Thuis had Gert zijn best gedaan de frituurpan weer als nieuw terug in de doos te krijgen. De pan blonk weer,en stond heringepakt in oorspronkelijk plastic en piepschuim. De Winkel zou hem terug nemen. Immers: het was nog geen 8 dagen geleden dat hij het ding gekocht had, en hij had het bonnetje.
( 'had het bonnetje' dient altijd uitgeproken te worden met de tanden stevig op elkaar om er de juiste lading aan te geven
Gert plaatste de doos op de balie van de klantenservice. Hoe vaak had hij al niet met dozen bij een klantenservice gestaan? Een vertrouwd ritueel was het; bijna als de bar van een stamkroeg. Nonchalant leunend met de elleboog op de bar was hij getuige van een gesprek tussen een gezette kroegbaas en een corpulente klant. Het ging over het overgewicht van de klant. De slotconclusie was: ‘Liever rolletjes dan botjes’ De ander beaamde dit: ‘Zo is dat!’

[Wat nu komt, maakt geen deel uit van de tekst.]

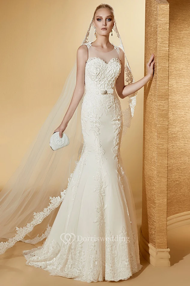 Chic Jewel-Neck Cap Sleeve Mermaid Lace Gown With Illusive Neckline And Brush Train
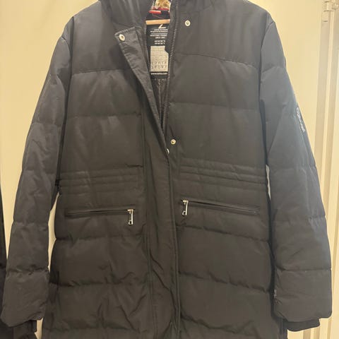 Luhta naisten talvitakki, koko 38, tummanharmaa väri. Takissa on huppu ja vetoketjutaskut. Hyvässä kunnossa.

Hierna Gert, of nee. De baliemedewerkster liet weten dat ze eerst nog een dringend telefoontje gepleegd moest worden en dat ze daarna naar hem zou komen, o.k?
Nee, niet OK.
‘Is er geen andere medewerkster?’vroeg Gert, een vraag die hem ogenblikkelijk het stempel: ‘ongeduldige zeikerd’ opleverde.

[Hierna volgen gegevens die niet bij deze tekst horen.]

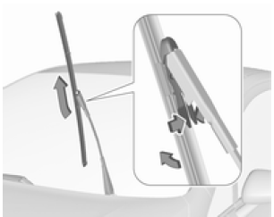 Levante el brazo del limpiaparabrisas hasta que permanezca en la posición elevada. Presione las fijaciones de ambos lados, incline la hoja de la escobilla en ángulo de 90 del brazo del limpiaparabrisas y extraiga hacia arriba. Inserte en el orden inverso. Baje el brazo del limpiaparabrisas cuidadosamente. Escobilla de la luneta trasera

‘Meneer kan kennelijk niet wachten’scheerde de baliewerkster naar haar collega. Gert dacht aan rolletjes vet aan het spit boven een gigantische Bar-B-Que. Het laatste plaatje in een Asterix album.
De collega tilde de onwillige fritespan onhandig uit de doos, waarbij het piepschuim brak.
Maar even later was Gert op weg naar huis. Achterin hobbelde verbouwereerd frituurpan 2 . In zijn doos te wachten wat Gerts aanraking met ZIJN knoppen en elementen doen zou.